If detecting neutrinos is so difficult, how do we have an estimate of how many of them pass through a cubic centimeter per second?
The number density of neutrinos in the universe is totally dominated by primordial neutrinos created in the big bang when leptons and photons were in thermal equilibrium. The density of these neutrinos now can be estimated in the context of the big bang model by assuming they cooled in the same way as photons (because they would have been ultra-relativistic and effectively massless particles in the early universe). There is thus a fixed relationship between the temperature and number density of the neutrinos and the photons that are present in the cosmic microwave background (CMB).
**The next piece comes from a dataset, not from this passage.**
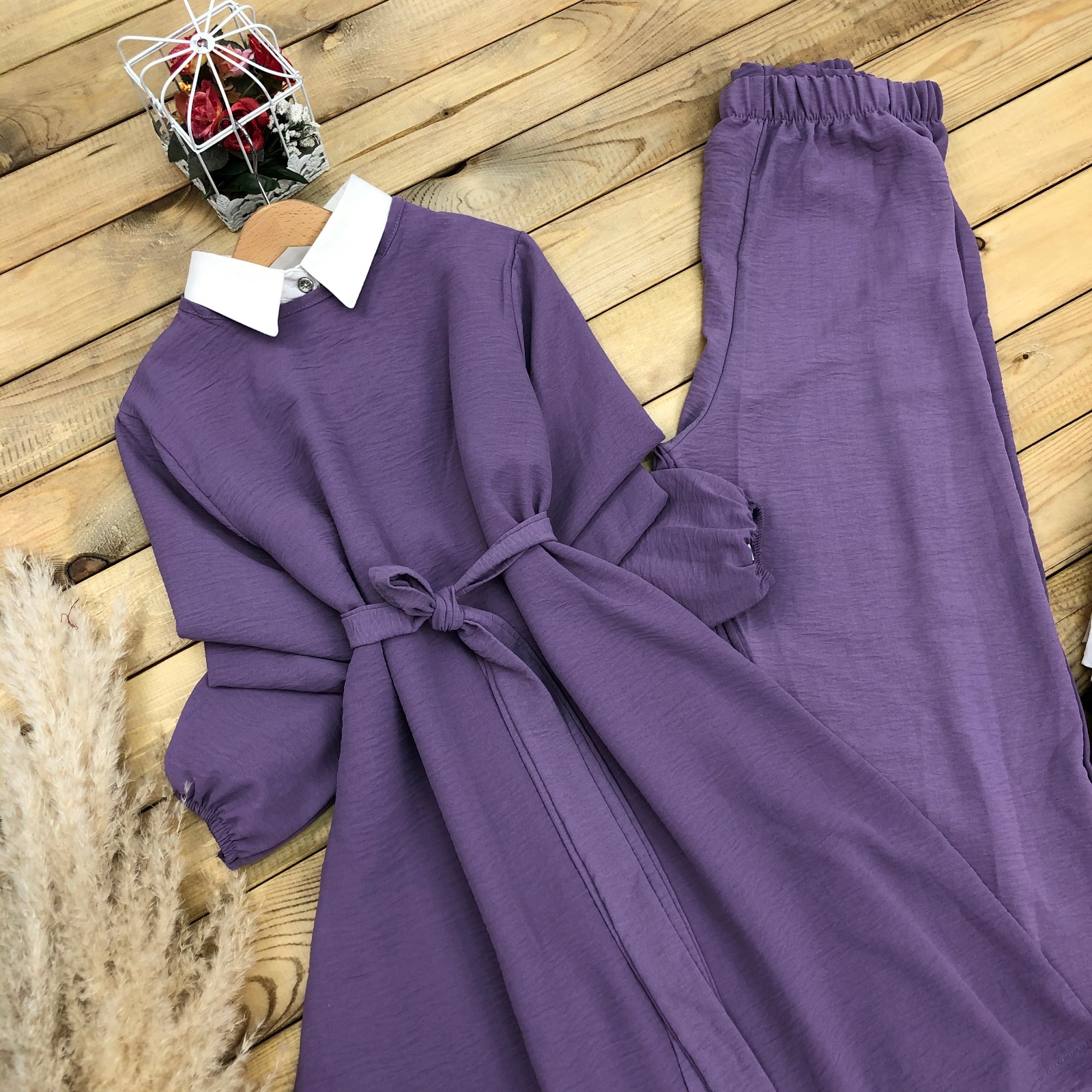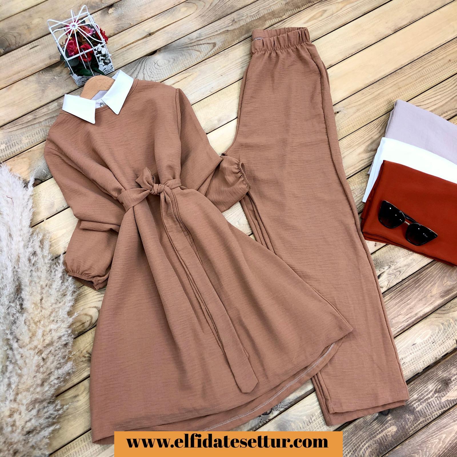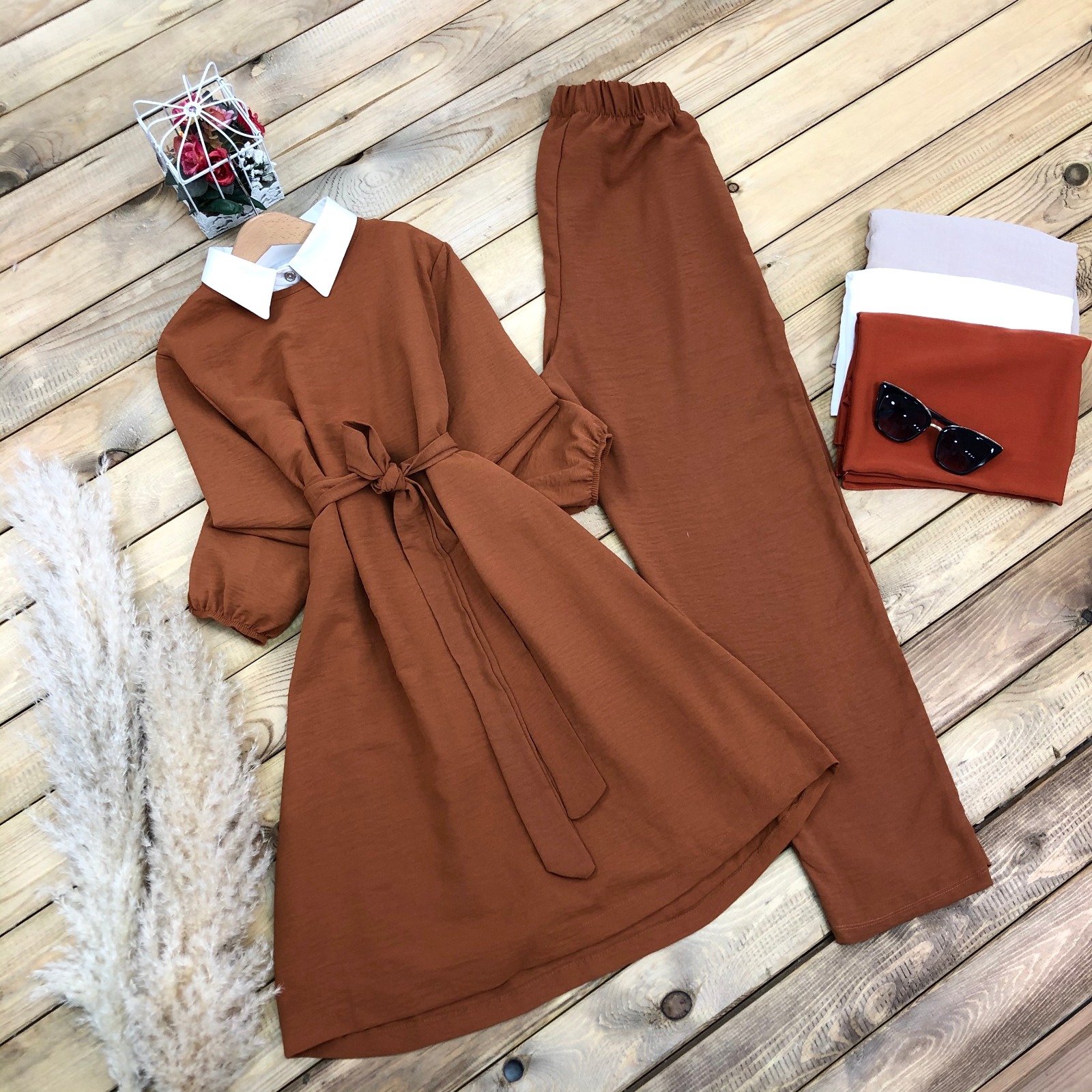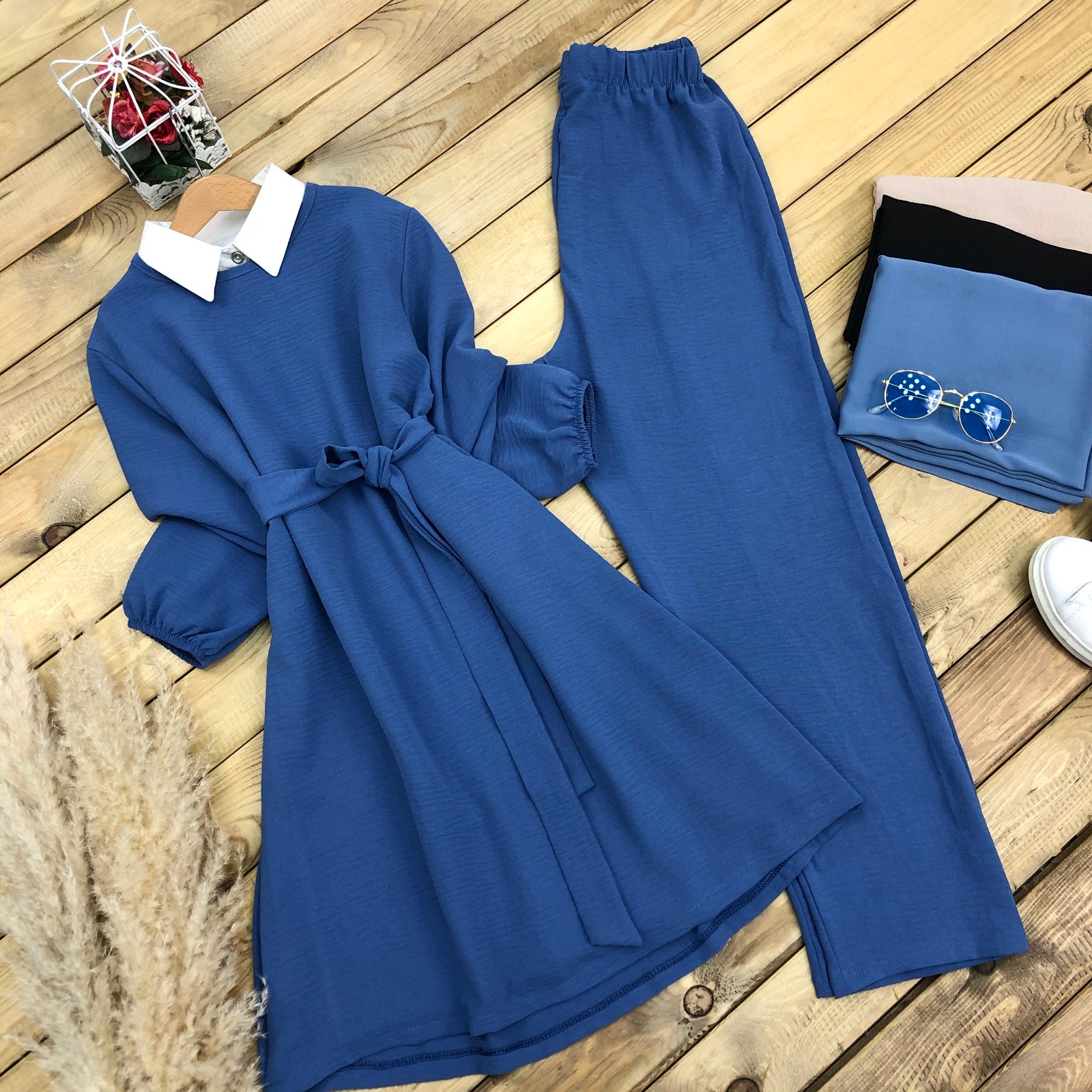 Tam kalıp birebir bedendir. Astarsızdır. Pantolon beli lastiklidir. Esneme payı yoktur. Gömlek dahil değildir. Tunik arkadan düğmelidir. Kuşaklıdır. İsteğe bağlı olarak kuşaksızda kullanılabilir.

This ratio depends a little bit on some details of the number of neutrino species and the precise value of the non-zero neutrino mass.
The number density and temperature of photons in the CMB is well known and measured by various experiments and indirectly, this yields the predicted neutrino number density and temperature (actually a temperature may be meaningless if the neutrino mass is sufficiently high that they are currently not ultrarelativistic).
Thus it's a theoretical prediction. The primordial neutrinos have such low energies that they are almost impossible to detect. There is some indirect evidence that the prediction is in the right ballpark based on detailed analysis of the small anisotropies in the CMB.
Here is a list of a large number of neutrino experiments and on how they detect the neutrino. In mainstream physics there exists the standard model of particle physics (SM) that in general is very good in calculating the interactions expected in the accelerator experiments.
The cosmic experiments can measure neutrinos coming from the cosmos and can fit for the energy spectrum passing through the earth and the number of neutrinos per meter-squared per second .